第13弾は、「Well-Being(ウェルビーイング)」をテーマにインタビューしました!!
こにわ:みなさん、こんにちは。こにわでございます。
今回は久々の訪問でございます、岡山県にあります「DAIKEN R&Dセンター」に来ています。今回は最近よく耳にする「Well-Being(ウェルビーイング)」について、同社R&Dセンター音技術研究室室長の駒倉さんにうかがいたいと思います。駒倉さん、よろしくお願いします。
駒倉:よろしくお願いします。

DAIKEN R&Dセンター エントランスにて
価値観の多様化により、心の豊かさが求められる時代に
こにわ:さっそくですが、「Well-Being」の話をうかがう前に……、すみません、Well-Beingってどういう意味なんでしょうか(笑)?
駒倉:「Well-Being」の定義なんですけども、「身体的、精神的、社会的に良好で、持続的に幸福な状態」を指すと言われています。 いま現在注目されている考え方で、各企業でもホットワードになっていますし、実際に取り入れる企業も増えています。
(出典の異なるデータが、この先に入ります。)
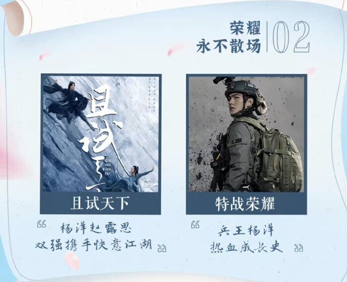Bộ phim Đặc Chiến Vinh Diệu sẽ lên sóng vào ngày 5/4 trên trang mạng Đằng Tấn. Trong khi đó, Thả Thí Thiên Hạ vẫn đã chờ lịch xếp lịch chiếu cụ thể.
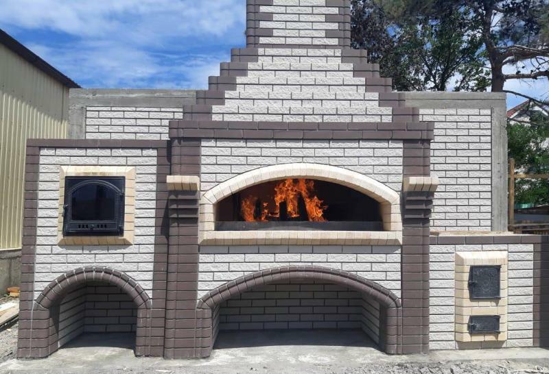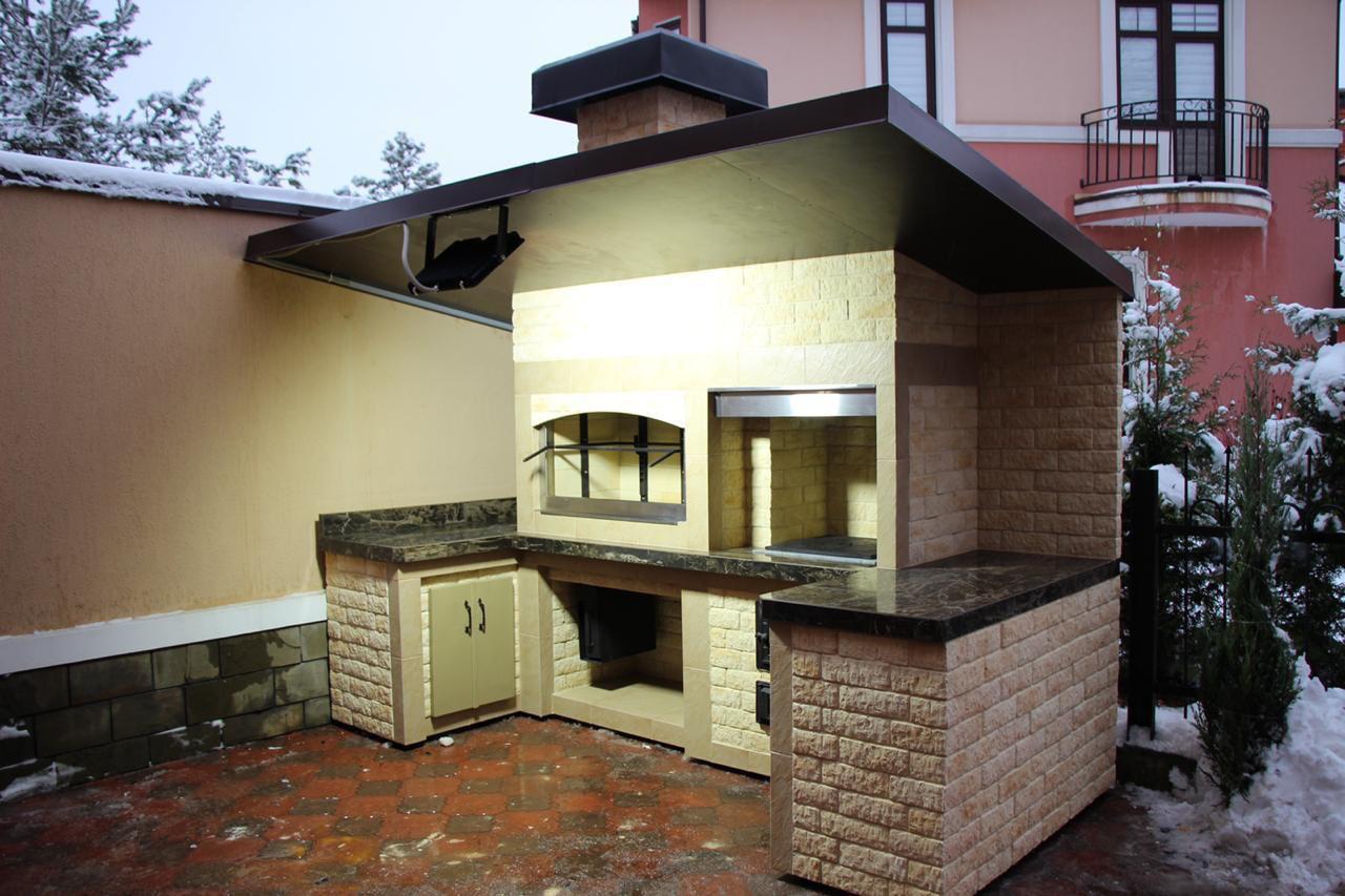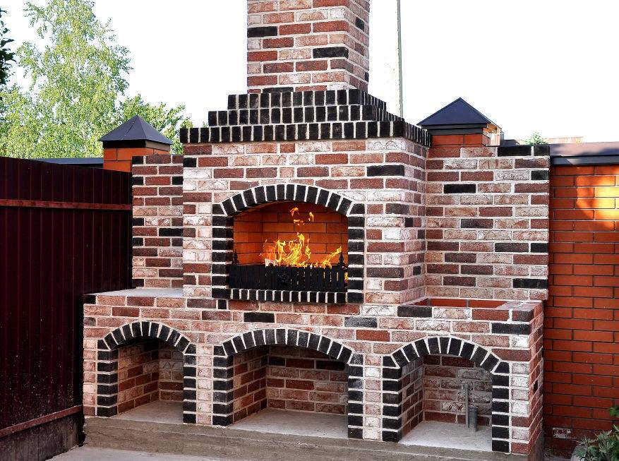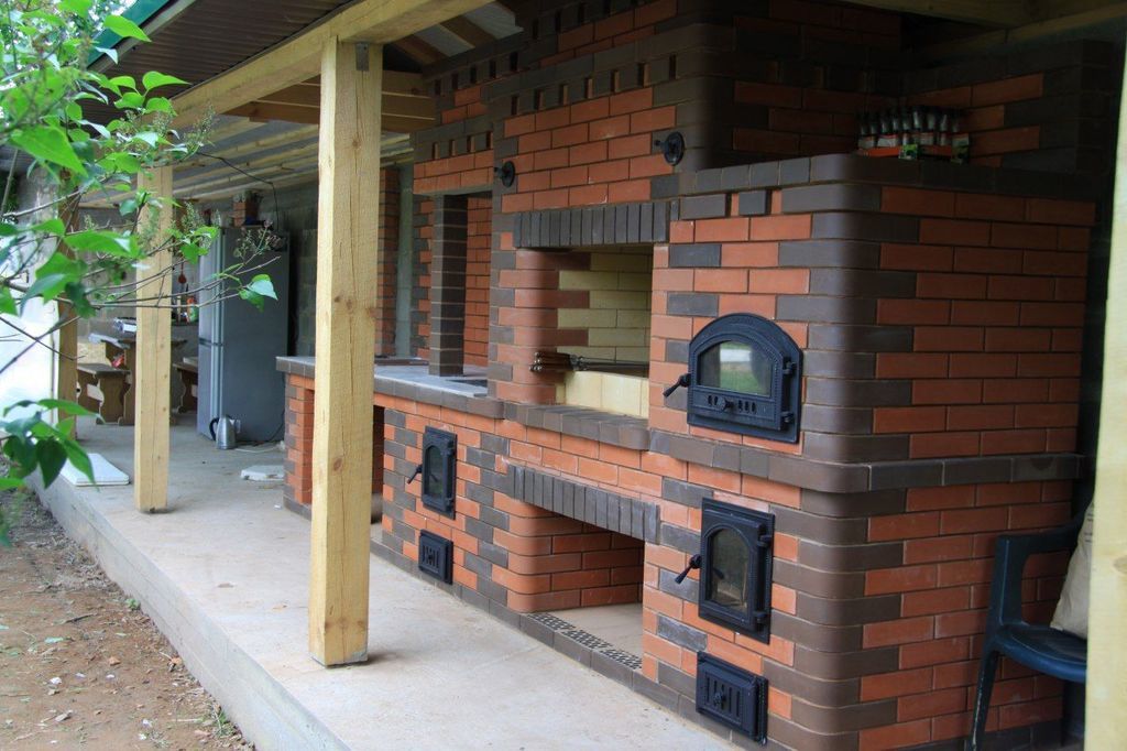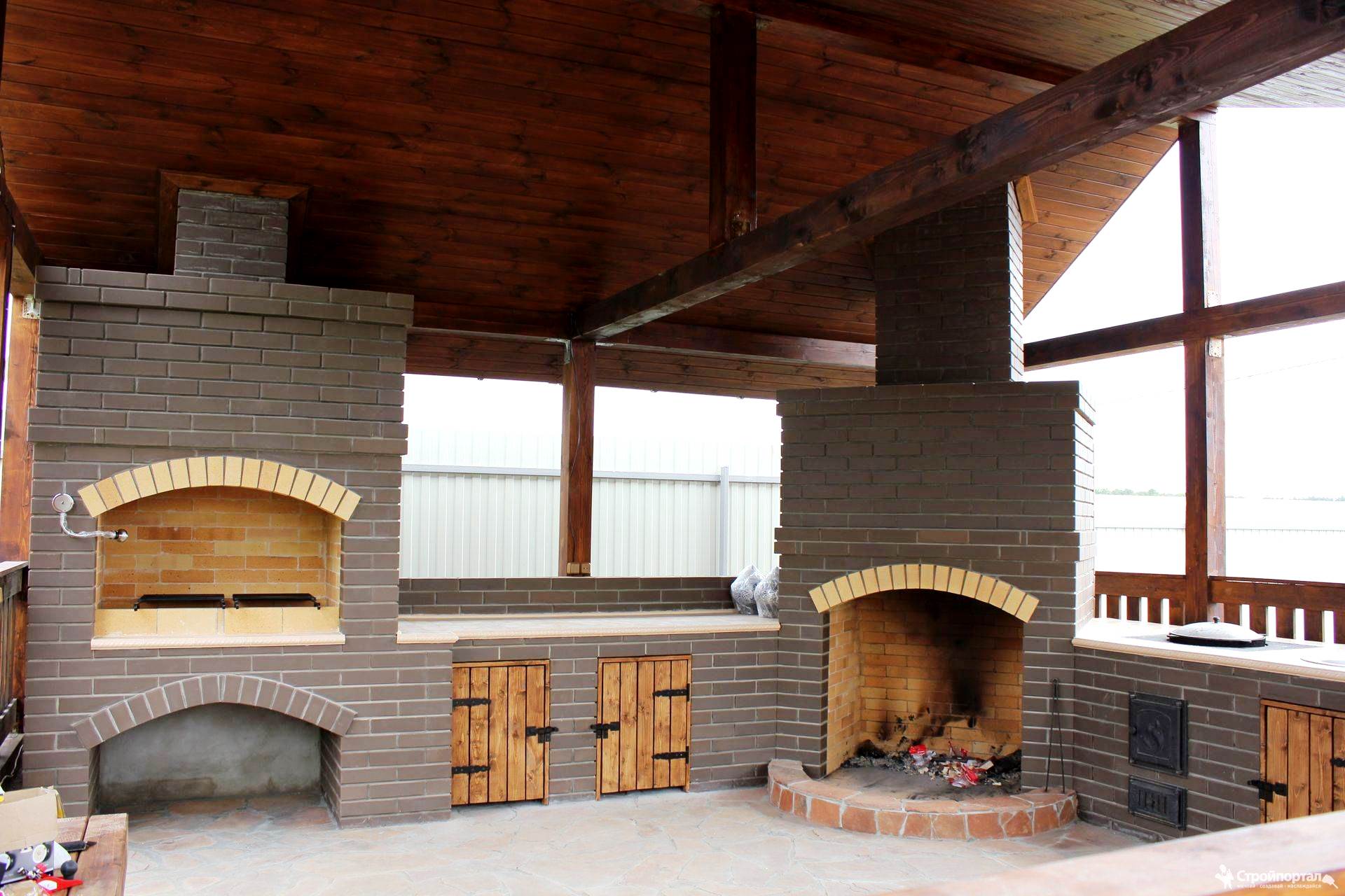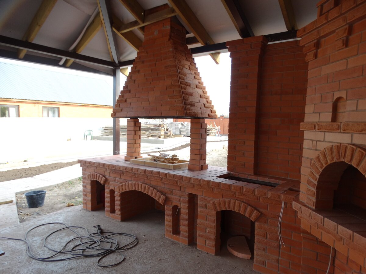 Кирпичные барбекю — для настоящий мужчин, предпочитающих качественный отдых в компании своих любимых женщин, настоящих друзей и коллег. Кирпич не любит спешки и предпочитает основательный фундамент. Выбирая его, вы выбираете долговечность и надёжность. Зона барбекю включает разные виды очагов – казан (12, 20 литров), мангал (от 60 до 120 см и более), тандыр, коптильню. Для придания вкуса можно также установить небольшую русскую печь и электровертель. Неотъемлемая часть — рабочая зона с столешницей из натурального камня, шкафчики для хранения посуды, мойка. При необходимости — хозяйственный блок. По желанию — барная стойка, чтобы скрасить время приготовления еды. Одна из вещей, на которые можно смотреть бесконечно — горение дров. Чтобы дым уходил как и куда надо (и при этом делал это красиво) важна конструкция дымового зуба. Наша команда гарантирует его исполнение на самом высоком уровне. Что касается внешнего вида кирпичного барбекю, то здесь есть, где «разгуляться» — подходит облицовка абсолютно любым кирпичом, плиткой. Реально и создание узоров в разных стилистических и цветовых решениях.

これからもっと話題になっていく言葉ではあるかなと思うんですけども。

こにわ:そのWell-Beingが注目されるようになったきっかけはなんでしょうか。
駒倉:今の時代、働き方改革やSDGs、ダイバーシティといった考えが浸透してきて、人々の価値観も多様化してきたと思います。そこでお金のためだけに働くというよりも、健康や心の豊かさが重視される時代になってきたというふうには感じますね。
例えば、国連の関連団体が毎年調査している世界幸福度ランキング(『世界幸福度報告書』2024年版)では、日本は143ヵ国中51位で、主要7ヵ国(G7)中では最下位という結果が出ています。
また厚生労働省の「労働安全衛生調査」では、8割を超える労働者が仕事や職業生活に関するストレスを感じていることがわかっています。
これは現状の日本において、自分の置かれた環境に満足していない人が多いということだと思うんです。企業においてもまだまだ改善の余地があるということではないでしょうか。
こにわ:心の豊かさって目に見えないものなんで、誰もが満足できるようにするってのは難しいところだなと思うんですよね。例えば目の前にニンジンをぶら下げられて働く、それを幸せと思う人もいる。その辺の価値観も時代とともに自分の中で変化して、あることは少し削られていったり、別なことが加えられたりして……、駒倉さん自身にもそういう多様化の面で変化があったりしますか。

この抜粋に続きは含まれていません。